▶ **Task to complete**: Could the entries below be reproduced exactly, with the images removed?

▶ **Input material**:
━━━━━━━━━━━━━━━━━━━━
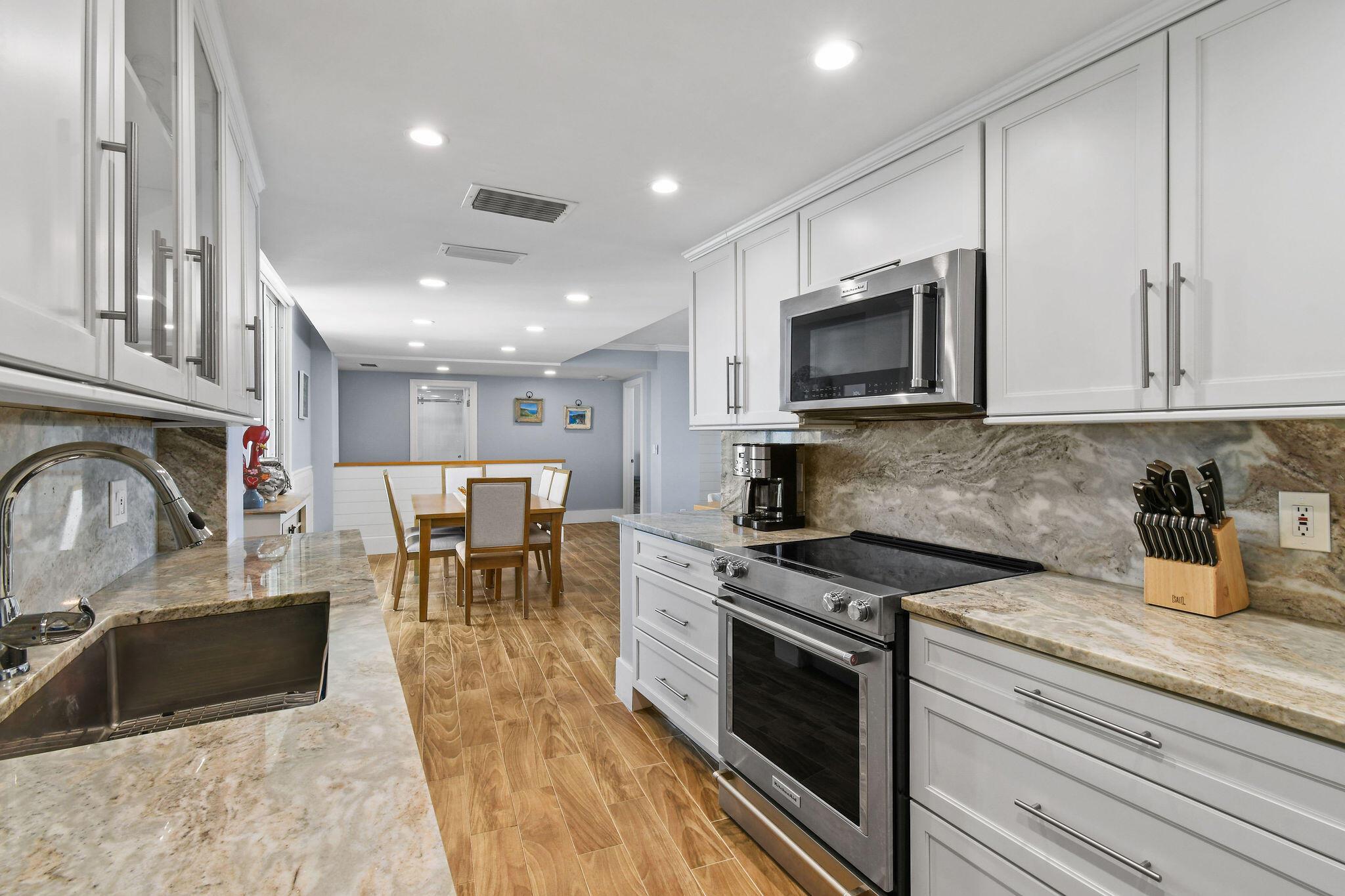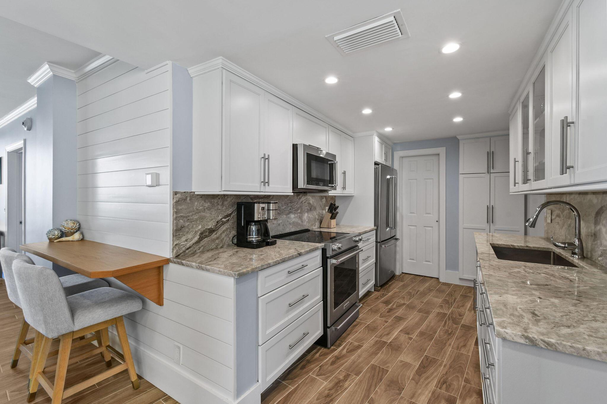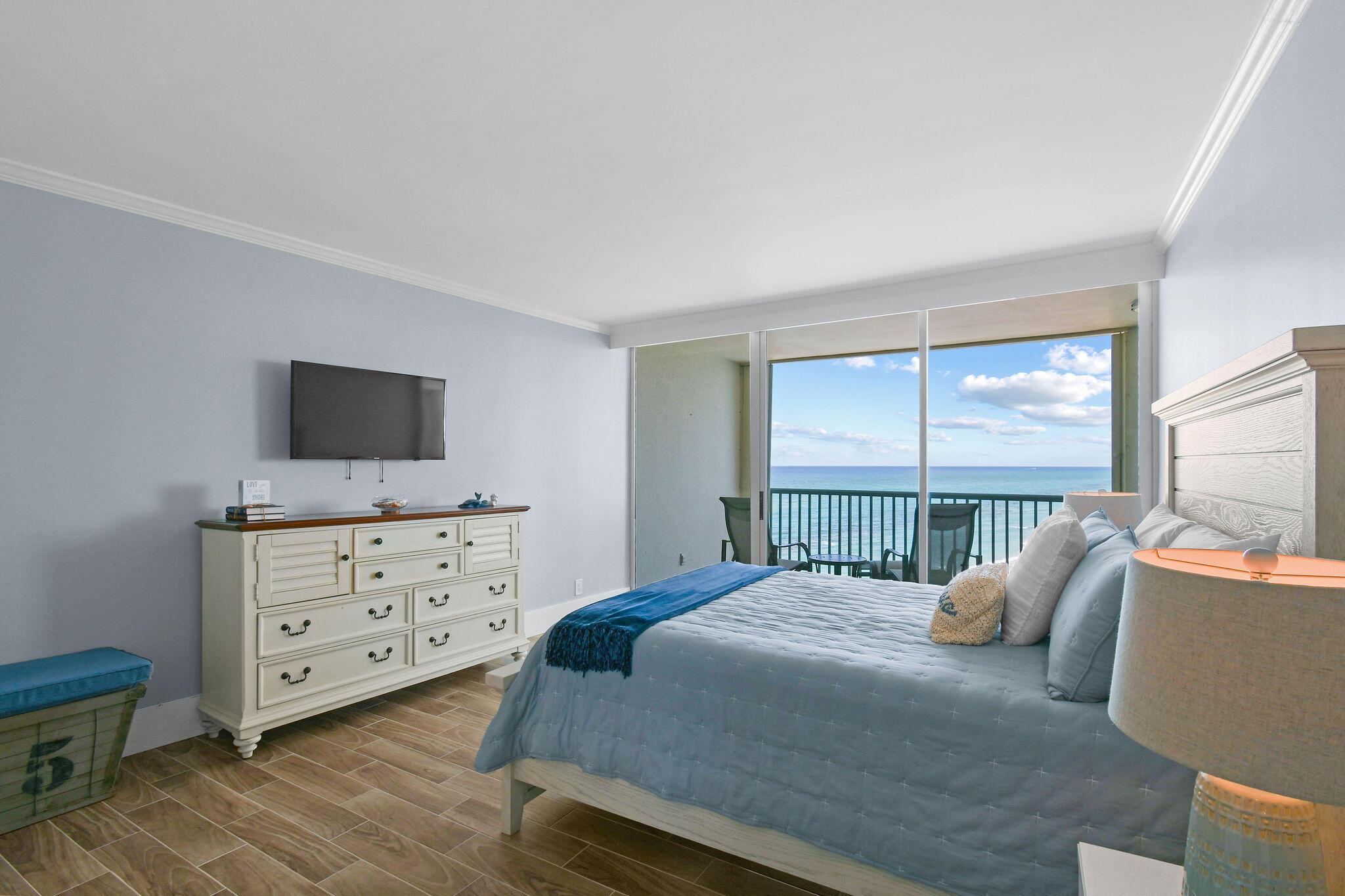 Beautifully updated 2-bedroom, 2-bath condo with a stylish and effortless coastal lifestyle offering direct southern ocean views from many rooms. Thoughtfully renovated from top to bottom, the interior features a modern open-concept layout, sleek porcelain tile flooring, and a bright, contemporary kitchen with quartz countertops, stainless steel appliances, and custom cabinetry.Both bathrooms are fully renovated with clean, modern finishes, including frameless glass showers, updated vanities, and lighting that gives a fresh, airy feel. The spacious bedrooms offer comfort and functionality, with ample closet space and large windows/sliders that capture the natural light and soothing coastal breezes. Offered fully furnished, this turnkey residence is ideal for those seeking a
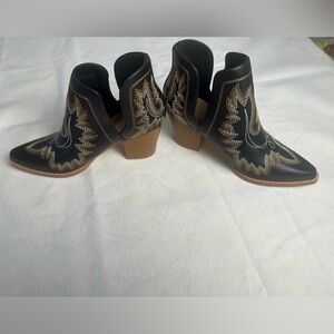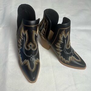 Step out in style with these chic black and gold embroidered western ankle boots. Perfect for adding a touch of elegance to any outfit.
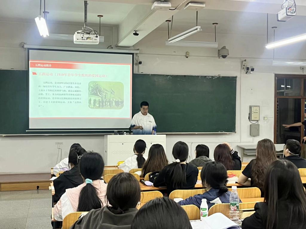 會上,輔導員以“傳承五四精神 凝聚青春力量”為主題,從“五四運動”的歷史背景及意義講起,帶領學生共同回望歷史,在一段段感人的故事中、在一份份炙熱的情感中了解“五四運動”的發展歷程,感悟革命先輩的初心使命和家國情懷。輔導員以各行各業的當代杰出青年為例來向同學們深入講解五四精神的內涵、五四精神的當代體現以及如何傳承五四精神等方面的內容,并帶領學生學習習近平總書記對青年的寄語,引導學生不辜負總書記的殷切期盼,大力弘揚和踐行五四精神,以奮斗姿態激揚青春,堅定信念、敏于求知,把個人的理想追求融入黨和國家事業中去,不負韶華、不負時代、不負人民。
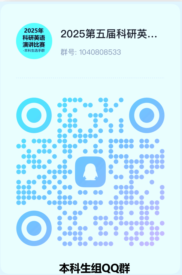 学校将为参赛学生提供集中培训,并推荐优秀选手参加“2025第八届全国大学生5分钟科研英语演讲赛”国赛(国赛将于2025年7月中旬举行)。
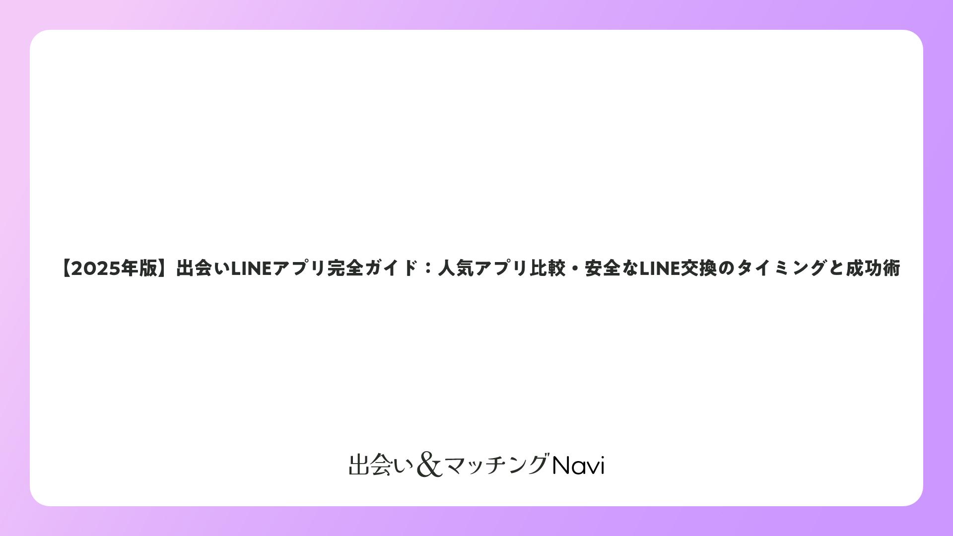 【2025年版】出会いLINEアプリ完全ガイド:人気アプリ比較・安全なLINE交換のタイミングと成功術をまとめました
━━━━━━━━━━━━━━━━━━━━
▶ **Task solution**:
 Beautifully updated 2-bedroom, 2-bath condo with a stylish and effortless coastal lifestyle offering direct southern ocean views from many rooms. Thoughtfully renovated from top to bottom, the interior features a modern open-concept layout, sleek porcelain tile flooring, and a bright, contemporary kitchen with quartz countertops, stainless steel appliances, and custom cabinetry.Both bathrooms are fully renovated with clean, modern finishes, including frameless glass showers, updated vanities, and lighting that gives a fresh, airy feel. The spacious bedrooms offer comfort and functionality, with ample closet space and large windows/sliders that capture the natural light and soothing coastal breezes. Offered fully furnished, this turnkey residence is ideal for those seeking a
 Step out in style with these chic black and gold embroidered western ankle boots. Perfect for adding a touch of elegance to any outfit.
 會上,輔導員以“傳承五四精神 凝聚青春力量”為主題,從“五四運動”的歷史背景及意義講起,帶領學生共同回望歷史,在一段段感人的故事中、在一份份炙熱的情感中了解“五四運動”的發展歷程,感悟革命先輩的初心使命和家國情懷。輔導員以各行各業的當代杰出青年為例來向同學們深入講解五四精神的內涵、五四精神的當代體現以及如何傳承五四精神等方面的內容,并帶領學生學習習近平總書記對青年的寄語,引導學生不辜負總書記的殷切期盼,大力弘揚和踐行五四精神,以奮斗姿態激揚青春,堅定信念、敏于求知,把個人的理想追求融入黨和國家事業中去,不負韶華、不負時代、不負人民。
 学校将为参赛学生提供集中培训,并推荐优秀选手参加“2025第八届全国大学生5分钟科研英语演讲赛”国赛(国赛将于2025年7月中旬举行)。
 【2025年版】出会いLINEアプリ完全ガイド:人気アプリ比較・安全なLINE交換のタイミングと成功術をまとめました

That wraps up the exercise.